▸ TASK DETAILS
Under this line are records; the part from the line containing "2年美術。現在モダンテクニッ" through the line containing "Then I thought, I" should be repeated exactly. Please exclude pictures.

▸ RECORDED INFORMATION
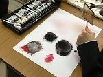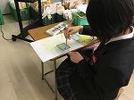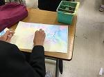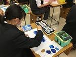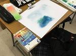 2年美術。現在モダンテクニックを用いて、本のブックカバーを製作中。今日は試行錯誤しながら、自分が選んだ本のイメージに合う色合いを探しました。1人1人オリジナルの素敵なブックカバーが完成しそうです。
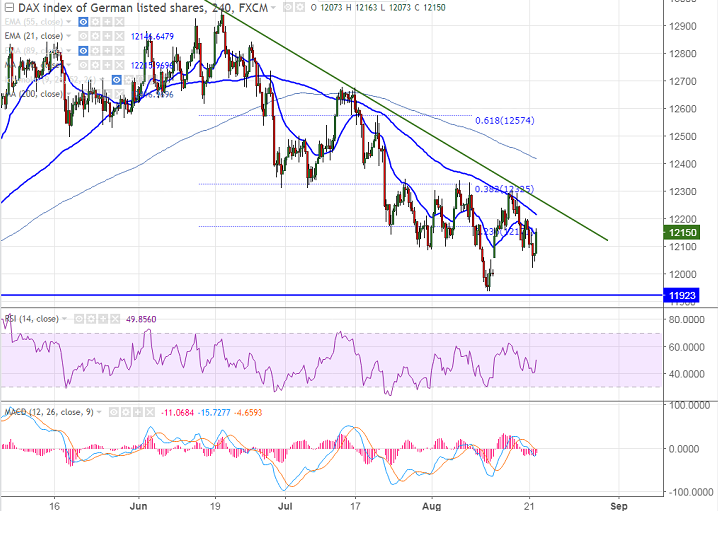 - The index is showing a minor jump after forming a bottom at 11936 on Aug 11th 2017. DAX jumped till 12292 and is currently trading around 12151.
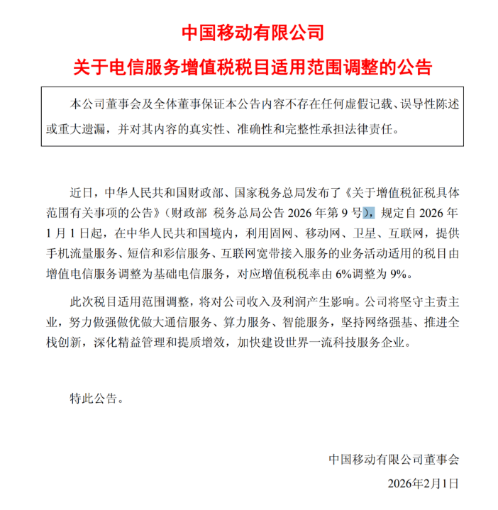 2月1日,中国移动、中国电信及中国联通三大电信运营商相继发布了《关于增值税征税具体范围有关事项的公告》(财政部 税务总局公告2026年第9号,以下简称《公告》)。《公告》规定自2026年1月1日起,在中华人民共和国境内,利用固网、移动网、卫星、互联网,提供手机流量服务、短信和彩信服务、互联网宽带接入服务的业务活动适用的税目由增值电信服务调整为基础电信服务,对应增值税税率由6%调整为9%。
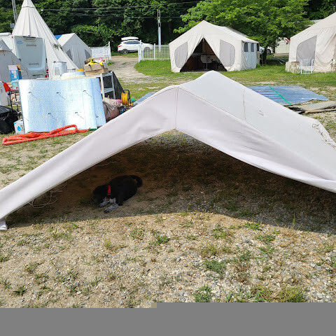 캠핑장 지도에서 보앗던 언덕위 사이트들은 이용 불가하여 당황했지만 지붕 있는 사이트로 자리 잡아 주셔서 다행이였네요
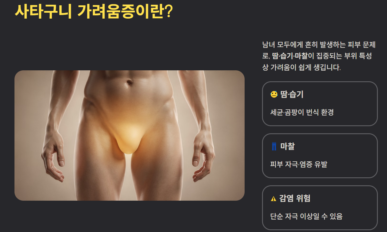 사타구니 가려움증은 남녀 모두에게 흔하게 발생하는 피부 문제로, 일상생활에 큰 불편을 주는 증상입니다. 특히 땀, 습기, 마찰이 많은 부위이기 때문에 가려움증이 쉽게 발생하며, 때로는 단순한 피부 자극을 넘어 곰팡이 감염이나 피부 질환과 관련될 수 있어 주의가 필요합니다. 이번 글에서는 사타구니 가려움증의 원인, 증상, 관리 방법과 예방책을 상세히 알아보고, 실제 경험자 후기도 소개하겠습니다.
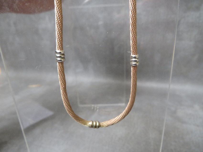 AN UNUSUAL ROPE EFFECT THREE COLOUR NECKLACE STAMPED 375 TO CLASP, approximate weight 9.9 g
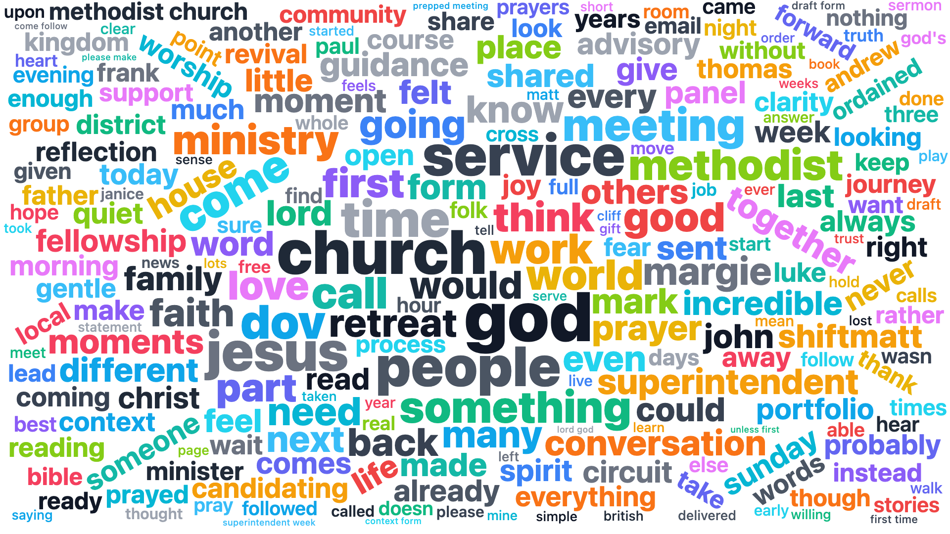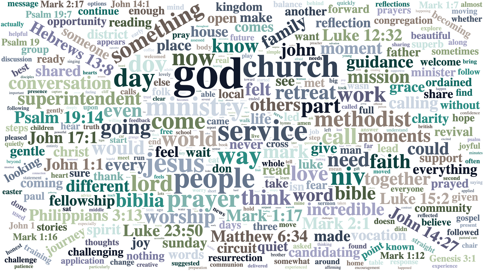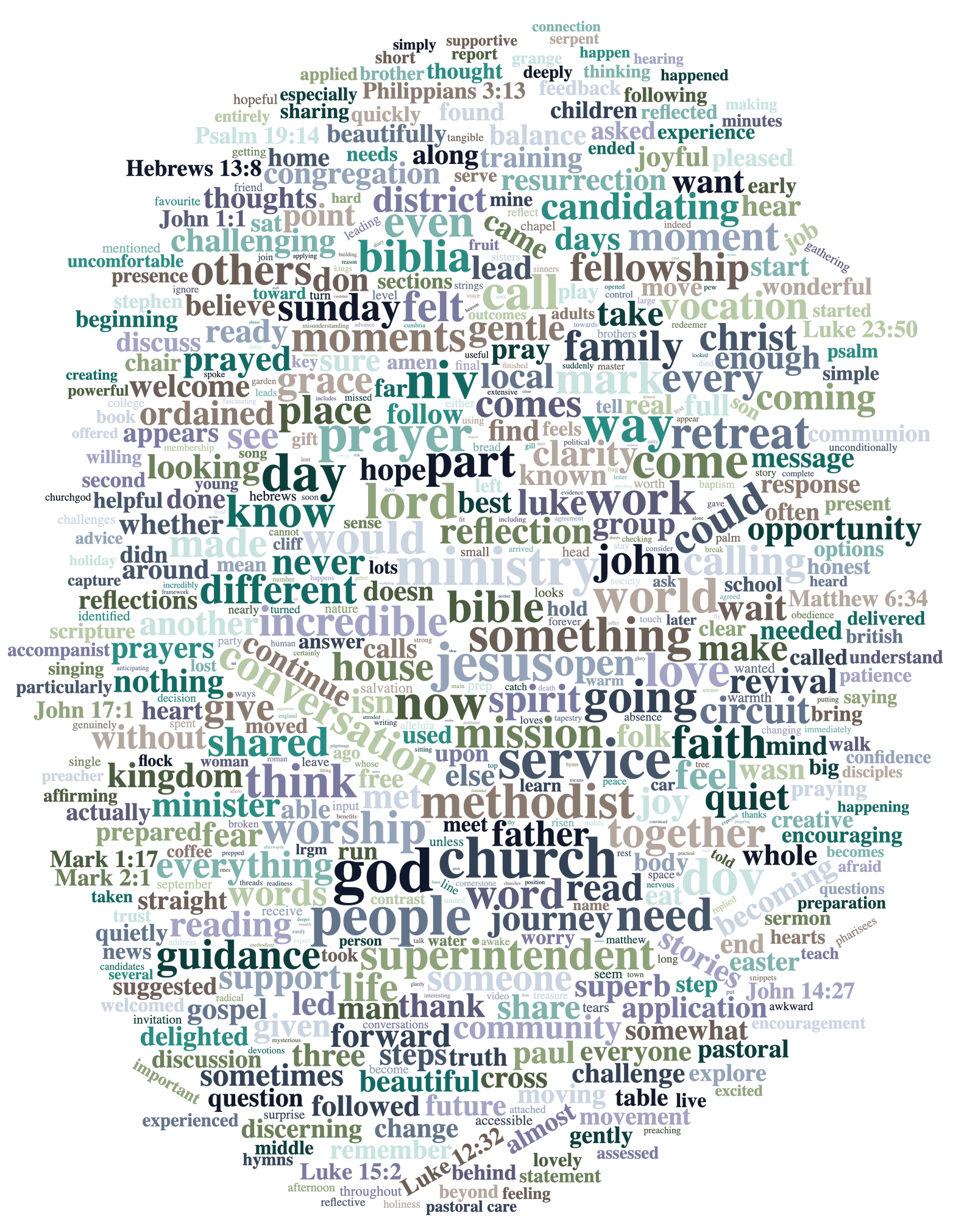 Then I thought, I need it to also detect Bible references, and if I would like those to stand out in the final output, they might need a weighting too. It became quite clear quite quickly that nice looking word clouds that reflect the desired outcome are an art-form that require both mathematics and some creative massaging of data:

==

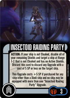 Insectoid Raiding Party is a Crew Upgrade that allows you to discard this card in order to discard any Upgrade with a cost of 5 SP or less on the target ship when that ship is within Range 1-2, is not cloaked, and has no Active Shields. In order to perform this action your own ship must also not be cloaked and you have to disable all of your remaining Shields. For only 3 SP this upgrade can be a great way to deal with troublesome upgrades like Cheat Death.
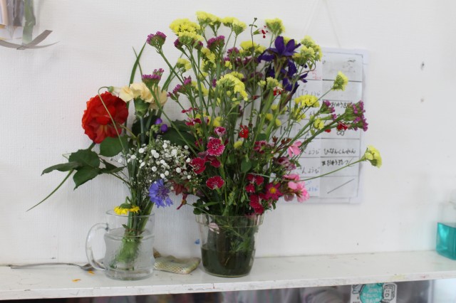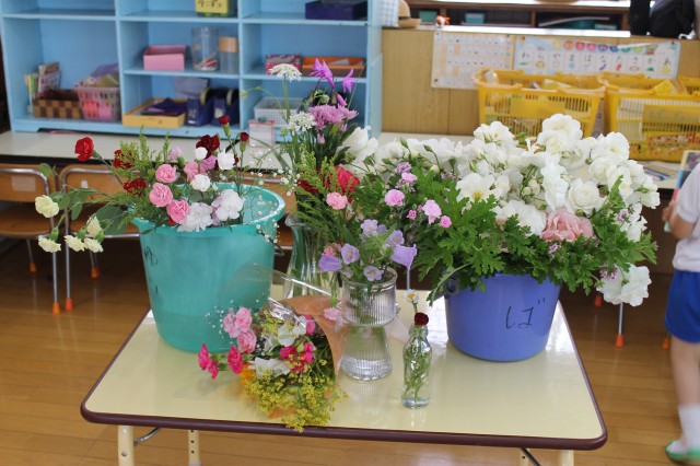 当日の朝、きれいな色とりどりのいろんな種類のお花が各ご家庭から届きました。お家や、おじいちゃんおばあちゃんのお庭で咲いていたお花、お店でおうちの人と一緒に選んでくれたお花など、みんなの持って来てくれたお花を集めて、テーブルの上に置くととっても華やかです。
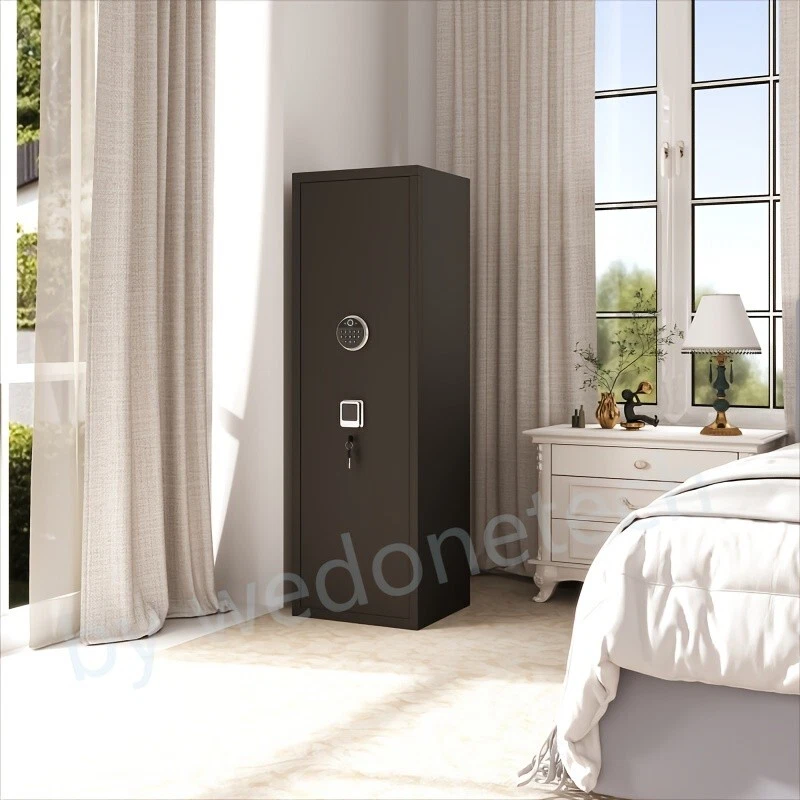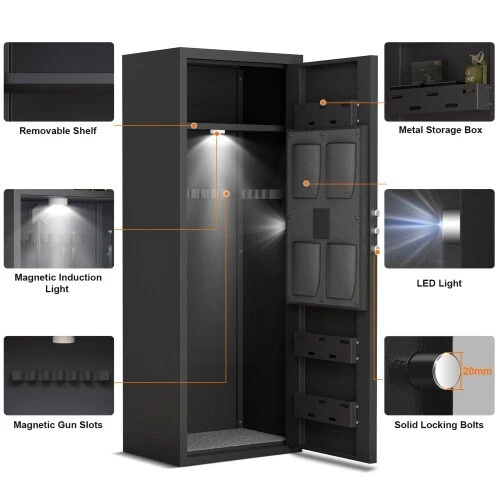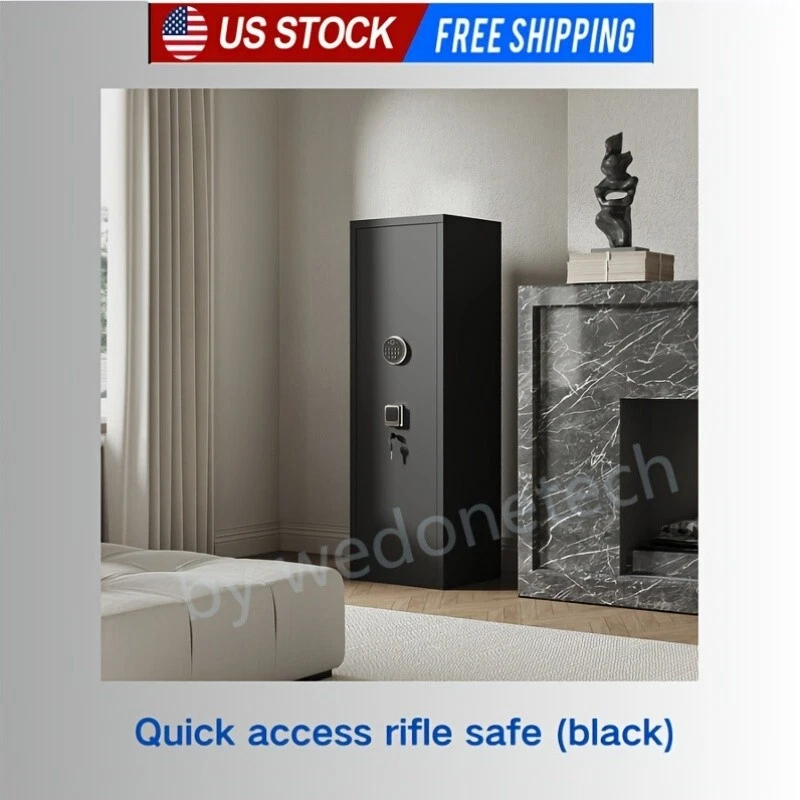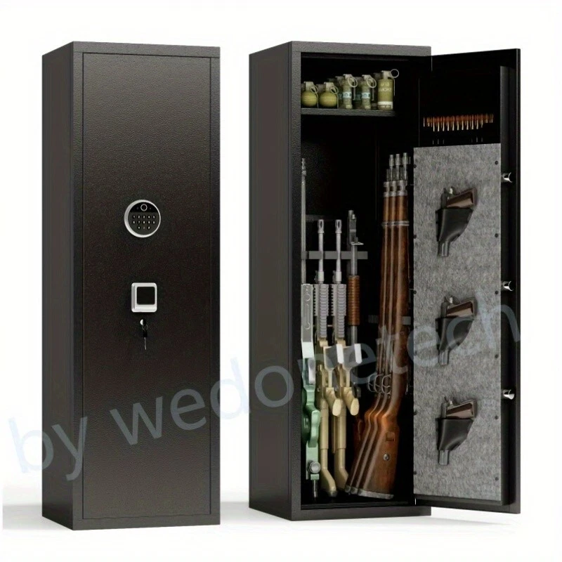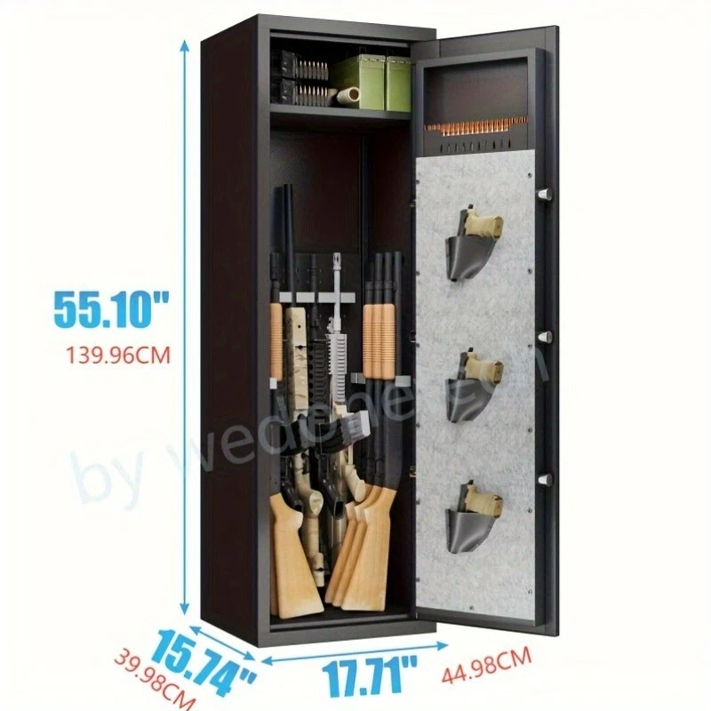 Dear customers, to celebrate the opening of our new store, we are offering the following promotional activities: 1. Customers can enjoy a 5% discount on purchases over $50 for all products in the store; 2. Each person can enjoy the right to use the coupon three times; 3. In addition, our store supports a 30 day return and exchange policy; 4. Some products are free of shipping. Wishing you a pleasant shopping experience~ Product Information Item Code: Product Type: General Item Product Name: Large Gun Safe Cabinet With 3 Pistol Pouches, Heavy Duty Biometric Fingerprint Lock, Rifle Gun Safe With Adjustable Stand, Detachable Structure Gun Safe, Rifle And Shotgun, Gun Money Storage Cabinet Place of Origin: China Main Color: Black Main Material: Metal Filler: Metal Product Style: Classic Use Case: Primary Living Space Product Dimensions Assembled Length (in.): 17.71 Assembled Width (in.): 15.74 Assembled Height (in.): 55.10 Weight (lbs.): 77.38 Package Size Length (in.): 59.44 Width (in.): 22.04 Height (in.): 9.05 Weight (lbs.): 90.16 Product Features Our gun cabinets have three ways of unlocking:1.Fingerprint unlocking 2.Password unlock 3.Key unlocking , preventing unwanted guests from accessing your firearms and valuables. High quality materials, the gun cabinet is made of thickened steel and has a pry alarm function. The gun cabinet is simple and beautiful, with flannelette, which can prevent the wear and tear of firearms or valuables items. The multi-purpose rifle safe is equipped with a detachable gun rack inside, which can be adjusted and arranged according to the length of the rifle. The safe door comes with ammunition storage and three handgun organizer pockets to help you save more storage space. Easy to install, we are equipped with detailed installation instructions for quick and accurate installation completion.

...

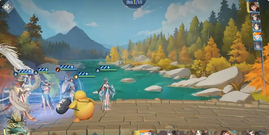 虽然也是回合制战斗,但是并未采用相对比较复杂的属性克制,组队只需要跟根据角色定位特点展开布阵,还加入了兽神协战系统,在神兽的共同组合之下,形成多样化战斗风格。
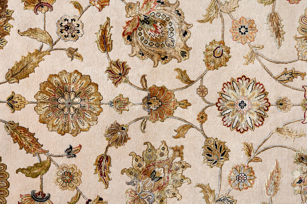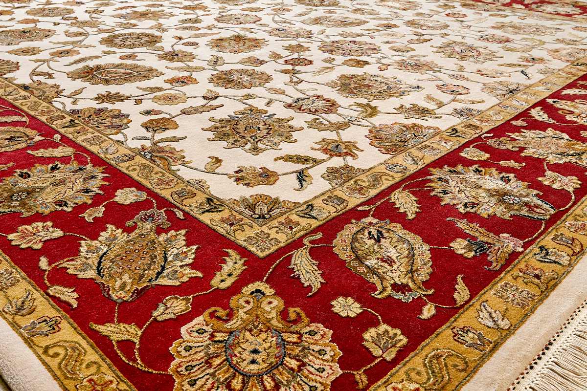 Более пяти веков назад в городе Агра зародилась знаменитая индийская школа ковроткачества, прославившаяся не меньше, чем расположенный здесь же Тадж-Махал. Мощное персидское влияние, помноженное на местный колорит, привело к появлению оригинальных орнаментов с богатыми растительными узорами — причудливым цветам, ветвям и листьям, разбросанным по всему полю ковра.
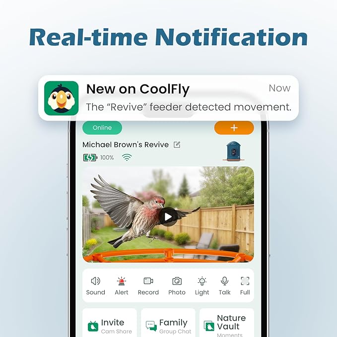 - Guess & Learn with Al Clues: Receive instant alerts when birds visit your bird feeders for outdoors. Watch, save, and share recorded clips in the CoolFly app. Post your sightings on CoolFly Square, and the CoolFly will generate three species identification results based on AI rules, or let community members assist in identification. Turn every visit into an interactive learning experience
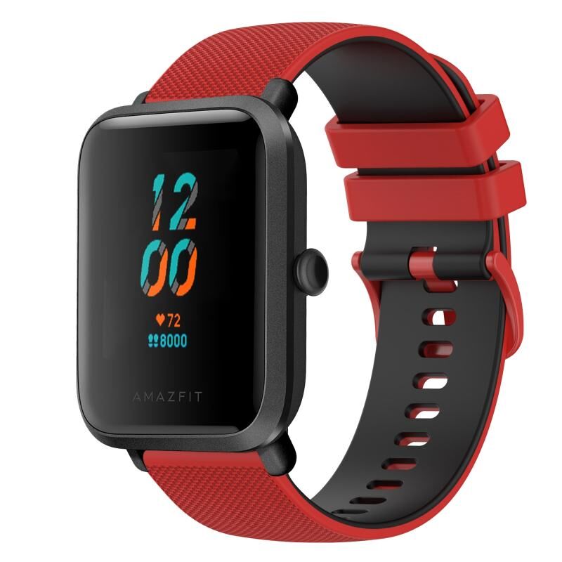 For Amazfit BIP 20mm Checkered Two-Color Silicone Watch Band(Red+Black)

▸ RESULT FOR THIS TASK
 2年美術。現在モダンテクニックを用いて、本のブックカバーを製作中。今日は試行錯誤しながら、自分が選んだ本のイメージに合う色合いを探しました。1人1人オリジナルの素敵なブックカバーが完成しそうです。
 - The index is showing a minor jump after forming a bottom at 11936 on Aug 11th 2017. DAX jumped till 12292 and is currently trading around 12151.
 2月1日,中国移动、中国电信及中国联通三大电信运营商相继发布了《关于增值税征税具体范围有关事项的公告》(财政部 税务总局公告2026年第9号,以下简称《公告》)。《公告》规定自2026年1月1日起,在中华人民共和国境内,利用固网、移动网、卫星、互联网,提供手机流量服务、短信和彩信服务、互联网宽带接入服务的业务活动适用的税目由增值电信服务调整为基础电信服务,对应增值税税率由6%调整为9%。
 캠핑장 지도에서 보앗던 언덕위 사이트들은 이용 불가하여 당황했지만 지붕 있는 사이트로 자리 잡아 주셔서 다행이였네요
 사타구니 가려움증은 남녀 모두에게 흔하게 발생하는 피부 문제로, 일상생활에 큰 불편을 주는 증상입니다. 특히 땀, 습기, 마찰이 많은 부위이기 때문에 가려움증이 쉽게 발생하며, 때로는 단순한 피부 자극을 넘어 곰팡이 감염이나 피부 질환과 관련될 수 있어 주의가 필요합니다. 이번 글에서는 사타구니 가려움증의 원인, 증상, 관리 방법과 예방책을 상세히 알아보고, 실제 경험자 후기도 소개하겠습니다.
 AN UNUSUAL ROPE EFFECT THREE COLOUR NECKLACE STAMPED 375 TO CLASP, approximate weight 9.9 g
 Then I thought, I need it to also detect Bible references, and if I would like those to stand out in the final output, they might need a weighting too. It became quite clear quite quickly that nice looking word clouds that reflect the desired outcome are an art-form that require both mathematics and some creative massaging of data:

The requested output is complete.